Publié le 26 février 2010 par Marianne

Les rapports de pouvoir en psychiatrie

Après plus d’une heure de retournements infructueux dans mon lit, cherchant en vain le sommeil, alors qu’on sait bien que dans ces moments là ce sont juste les pensées les plus débiles qui viennent vous marteler la tête(en vrac, "Ai-je bien fermé le frigo?" "Je fais quoi demain?" "Qui suis-je ,"), je reviens devant mon cher ordinateur. Après avoir été longtemps une adepte des théories de la psychanalyse, je commence à m’ouvrir à ses détracteurs. Sans entrer non plus dans une remise en cause qui ne serait que subjective, je me plonge dans Le pouvoir psychiatrique - Cours au Collège de France 1973-1974 de Michel Foucault 1, où il ne traite pas réellement de la théorie, mais de la pratique de la psychiatrie, particulièrement dans les asiles.

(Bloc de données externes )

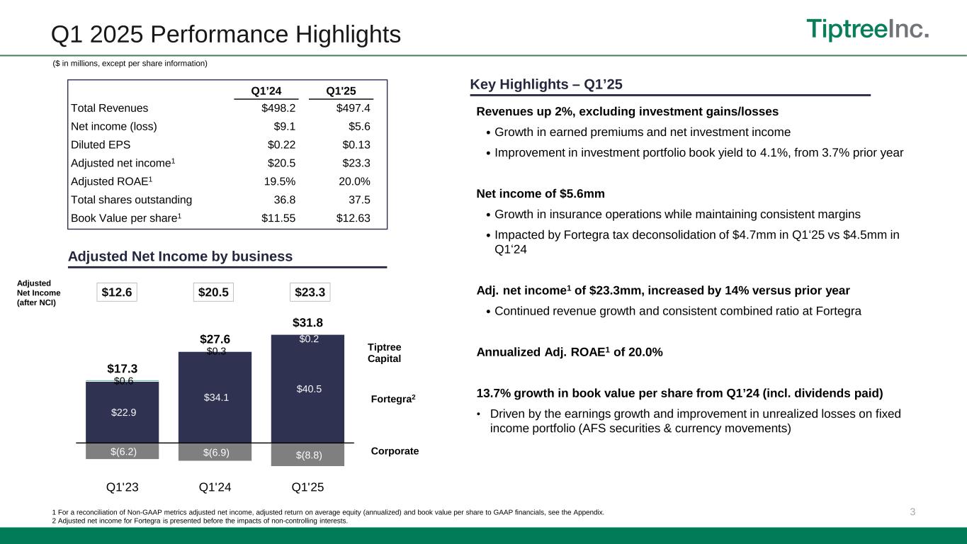 2 Q1 2025 Highlights Revenue $497.4 million (0.2)% vs. prior year Adjusted Net Income1 $23.3 million 13.6% vs. prior year Book Value per share1,3 $12.63 13.7% vs. 3/31/25 Net Income $5.6 million vs. prior year net income of $9.1 million Overall Revenues of $497.4 million, a decrease of 0.2% from 2024. Excluding investment gains and losses, revenues increased 1.8%. Net income of $5.6mm. Adj. net income1 of $23.3mm, and 20.0% annualized adj. ROAE1, driven by growth in insurance operations. Insurance $753.2mm of gross written premiums and premium equivalents (GWPPE), 13.5% increase from prior year, driven primarily by specialty E&S insurance lines. Net written premiums of $357.7mm, 12.4% increase from Q1’24. Combined ratio of 89.9%, improved 0.4% from Q1’24, driven by consistent underwriting performance and operating scale. Adj. net income1,2 of $40.5mm, up 18.6% from prior year driven by revenue growth and improved combined ratio. Annualized Adj. ROAE1,2 of 25.0%. Tiptree Capital Mortgage loss before taxes was $0.2mm, driven by lower origination volumes and unrealized losses on our mortgage servicing asset, partially offset by higher loan servicing fees. ($ in millions, except per share information) 1 For a reconciliation of Non-GAAP metrics adjusted net income, adjusted return on average equity and book value per share to GAAP financials, see the Appendix. 2 Adjusted net income and adjusted return on average equity for insurance is presented before the impacts of non-controlling interests. 3 Annual total return defined as cumulative dividends paid of $0.49 per share plus change in book value per share as of March 31, 2025.

Il  y évoque le pouvoir exercé par les mécanismes d’une institution, ayant comme « maître » le psychiatre, mais c’est un pouvoir diffus, non unique, mais régi par un ensemble de règles et de hiérarchies. La psychiatrie ne soignerait donc pas par le savoir, mais par le pouvoir qu’elle exerce. " La condition, donc, du rapport à l'objet et de l'objectivité de la connaissance médicale, et la condition de l'opération thérapeutique sont les mêmes : c'est l'ordre disciplinaire. Mais cette espèce d'ordre immanent, qui pèse indifféremment sur tout l'espace de l'asile, est en réalité traversé, entièrement animé de bout en bout par une dissymétrie qui fait qu'il est rattaché, et rattaché impérieusement, à une instance unique qui est à la fois intérieure à l'asile et est le point à partir duquel se font la répartition et la dispersion disciplinaires des temps, des corps, des gestes, des comportements, etc. Cette instance intérieure à l'asile, elle est en même temps elle-même dotée d'un pouvoir illimité auquel rien ne peut et ne doit résister. Cette instance, inaccessible, sans symétrie, sans réciprocité, qui fonctionne ainsi comme source de pouvoir, élément de la dissymétrie essentielle de l'ordre, qui fait que cet ordre est un ordre toujours dérivant d'un rapport non réciproque de pouvoir, eh bien, c'est évidemment l'instance médicale qui, comme vous allez le voir, fonctionne comme pouvoir bien avant de fonctionner comme savoir. "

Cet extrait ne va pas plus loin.